On Feb. 27, Alhambra citizens appealed the Planning Commission’s Jan 17 vote to approve the Lowe’s planned development on Fremont @ Mission, and took it to the City Council. Residents called for the City to ensure a comprehensive environmental and traffic study before developers build on contaminated land, at the crux of Fremont traffic, without a full Environmental Impact Report. (Find out more about the project.)
There was 1 hour of public testimony. Those 9 members of the public that spoke in favor of pushing through with the project without a more thorough and valid study included:
- the son of former Councilmember Yamauchi
- the owner of the existing land tract
- two board members from the Chamber of Commerce
- a Las Vegas developer
Did you know? Councilmembers Maloney and Mejilla both received $5000 from the developer who is developing this project. Their opponents did not take campaign money from developers who have their sights set on Alhambra.
Councilmember Ayala, who lives in the Emery Park neighborhood behind the project, believes Lowe’s won’t bring more traffic because there is already an Albertsons and Kohls nearby (logic???) and assured the residents in the packed room that the contamination on the site will be cleaned up and there will be nothing to worry about. He also cited the history of the project where previously a Walmart was being considered; in his mind, the multi-million dollar Lowe’s would be an improvement, because according to him, it’s a “mom and pop store”. Ayala complained that he hadn’t heard from residents about what other projects they would like there. That’s probably because residents are under the impression that he is one of the leaders of the City and would investigate other options that fall within the industrial zoning ordinance — the Lowe’s does not– before voting for its construction as is.
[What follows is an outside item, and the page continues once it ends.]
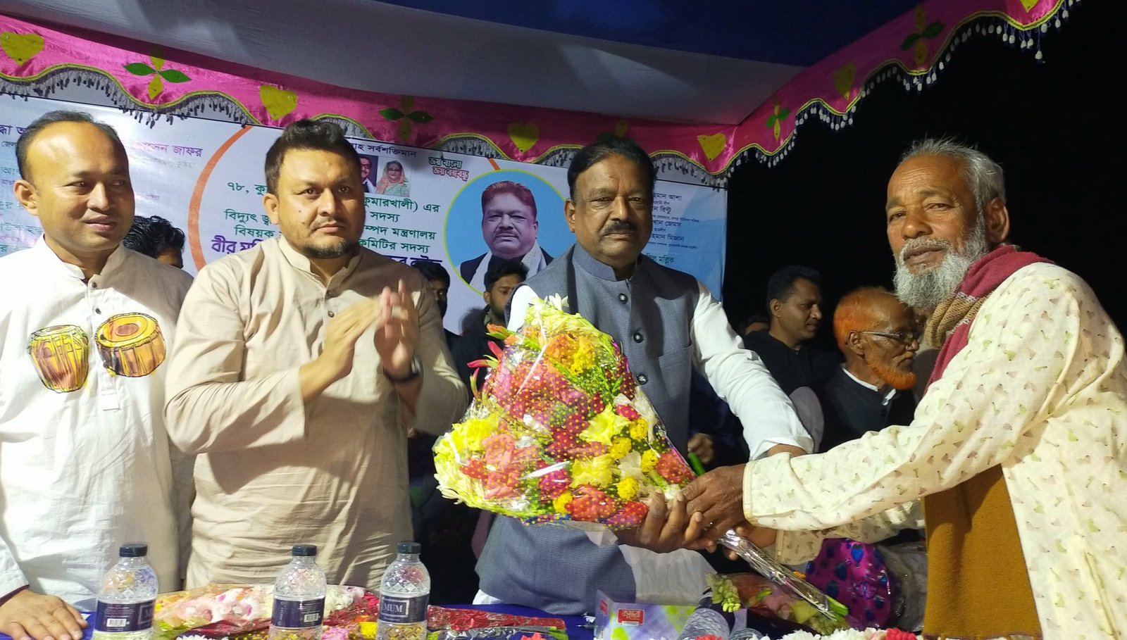 কুমারখালী প্রতিনিধি ॥ কুষ্টিয়ার কুমারখালীতে বাল্যবিবাহের অপরাধে বরের দোলা ভাইকে তিন দিনের বিনাশ্রম কারাদন্ড ও অপ্রাপ্ত বয়সে বিয়ে দেওয়ার প্রস্তুতির অপরাধে বরের অভিভাবক বাগুলাট ইউনিয়ন পরিষদের সাবেক ইউপি সদস্য আলাউদ্দিনকে ১০ হাজার টাকা অর্থদন প্রদান করেছেন ভ্রাম্যমাণ আদালত। গতকাল শুক্রবার (২৪ মে) উপজেলার চাঁদপুর ইউনিয়নের গড়েরবাড়ি ব্রিজ সংলগ্ন এলাকায় ভ্রাম্যমাণ আদালতের এক্সিকিউটিভ ম্যাজিস্ট্রেট সহকারী কমিশনার (ভুমি) আমিরুল আরাফাত এই সাজা ও জরিমানা করেন। সাজাপ্রাপ্ত বরের দোলা ভাই হলেন, ঝিনাইদহ জেলার শোলকুপা উপজেলার আনন্দ নগর গ্রামের আজমল হোসেন (৩৫)। ভ্রাম্যমাণ আদালত সূত্রে জানা যায়, শুক্রবার বিকেল সাড়ে ৩টায় উপজেলার চাঁদপুর ইউনিয়নের গড়েরবাড়ি ব্রিজ সংলগ্ন এলাকায় দশম শ্রেণিতে পড়ুয়া এক শিক্ষার্থীর বিয়ের প্রস্তুতি চলছিল। সহকারী কমিশনার (ভুমি) পুলিশ নিয়ে মেয়েটির বাড়িতে যান এবং বিয়ে বন্ধ করে দেন। সে সময় প্রশাসনের উপস্থিতি টের পেয়ে কনের মা-বাবাসহ অনেকেই বাড়ির পেছনের দরজা দিয়ে পালিয়ে যান। পরে বরের অভিভাবকের সঙ্গে কথা হলে বর ও কনেকে সেখানে হাজির করা হয়। কুমারখালী সহকারী কমিশনার (ভুমি) আমিরুল আরাফাত বলেন, বর শাকিলের সঙ্গে মেয়েটির বিয়ের প্রস্তুতি চলছিলো। বর পক্ষ কনের বাড়িতে বেলা ৩ টায় উপস্থিত হন। কনের বয়স ১৮ বছর এবং বরের বয়স ১৭ বছর। বাল্যবিবাহের খবর পেয়ে কনের বাড়িতে ভ্রাম্যমাণ আদালত পরিচালনা করা হয়। দুই পরিবারের লোকজনের সঙ্গে কথা বলে ঘটনার সত্যতা পেয়ে বাল্যবিবাহের অপরাধে বরের দোলা ভাইকে তিন দিনের বিনাশ্রম কারাদন্ড ও বরের অভিভাবককে ১০ হাজার টাকা অর্থদন্ড প্রদান করা হয়েছে।
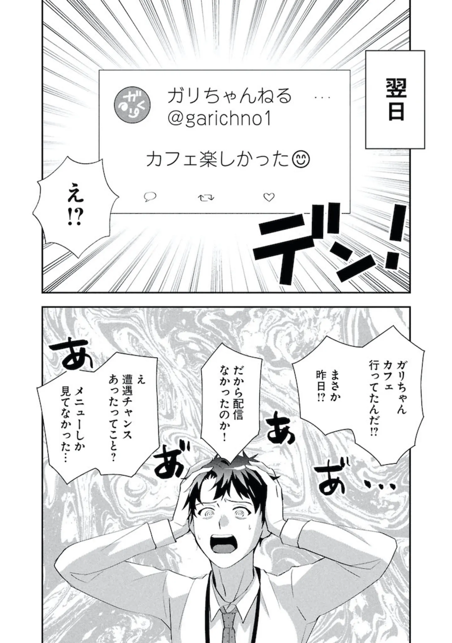 コラボカフェにいたことがバレた!? 密かにゲーム配信する会社員が勘の鋭い同僚にドキッ/となりの席の同僚が俺のリスナーだった件。1⑥ マンガ 公開日:2025/12/22 この連載を最初から読む→ 本作品をAmazon(電子)で読む > 本作品をRenta!で読む > >> 次のページに続く « 1 2 3 > あわせて読みたい 【漫画】『となりの席の同僚が俺のリスナーだった件。(1~2巻)』を第1回から読む 【漫画】『ひとりぐらしこそ我が人生』を読む 【漫画】『グランプリは私ですけど何か?~自己肯定モンスターのミスコン無双~』を読む 最新マンガと話題の書籍を無料で試し読み! 前の回 一覧 人気の連載 次の回 となりの席の同僚が俺のリスナーだった件。 1 (MFコミックス フラッパーシリーズ) 試し読み *電子書籍ストアBOOK☆WALKERへ移動します となりの席の同僚が俺のリスナーだった件。 2 (MFコミックス フラッパーシリーズ) 試し読み *電子書籍ストアBOOK☆WALKERへ移動します

Councilmember Messina stood by her decision and told the residents that that the Council only has the city’s best interest at heart — perhaps she meant the business community’s. She believed the initial report was “well over the basics.”
Councilmember Maloney acknowledged that building a Lowe’s would “have some impact” on the traffic, but assured the community that that can be mitigated, and he reminded the community that the City is planning on having a shuttle to and from the Gold Line station in South Pasadena, which obviously would only be feasible, should they wish to use it, for the employees in the office buildings (approx. 2,600). Maloney’s assurance is based 100% on anecdotal and personal rationale as no study or survey has been conducted about how many vehicles the shuttle to the site alleviate from the street.
Councilmember Sham had no problem with project’s study as is and repeated what Councilmember Maloney mentioned as the “solution”: the shuttle to the Gold Line.
Councilmember Mejilla shared no rationale for his vote and asked no questions to the developer, thus his constituents have no idea what influenced his vote. Several members of the audience, however, did have an idea what could have influenced his vote: $5000 from the developer directly to his, as well as Councilmember Maloney’s, election campaign 3.5 months prior.
The citizens that challenged the Planning Commission decision to the City Council are evaluating all options after this ill-informed decision.
Did you know? Neither Alhambra Planning Commission nor the City planners have answered the question “how many cars will be on Fremont throughout the day in the area of the planned development?” The City’s initial study indicates that 4000-8000+ cars per day may shop at Lowe’s, but the City has used a Lowe’s in Poway, CA–in the middle-of-nowhere in rural San Diego– to get those statistics! At 5pm on a weekday, approximately how many cars will be on Fremont along the route? How long will it take to drive 2 blocks? No one knows!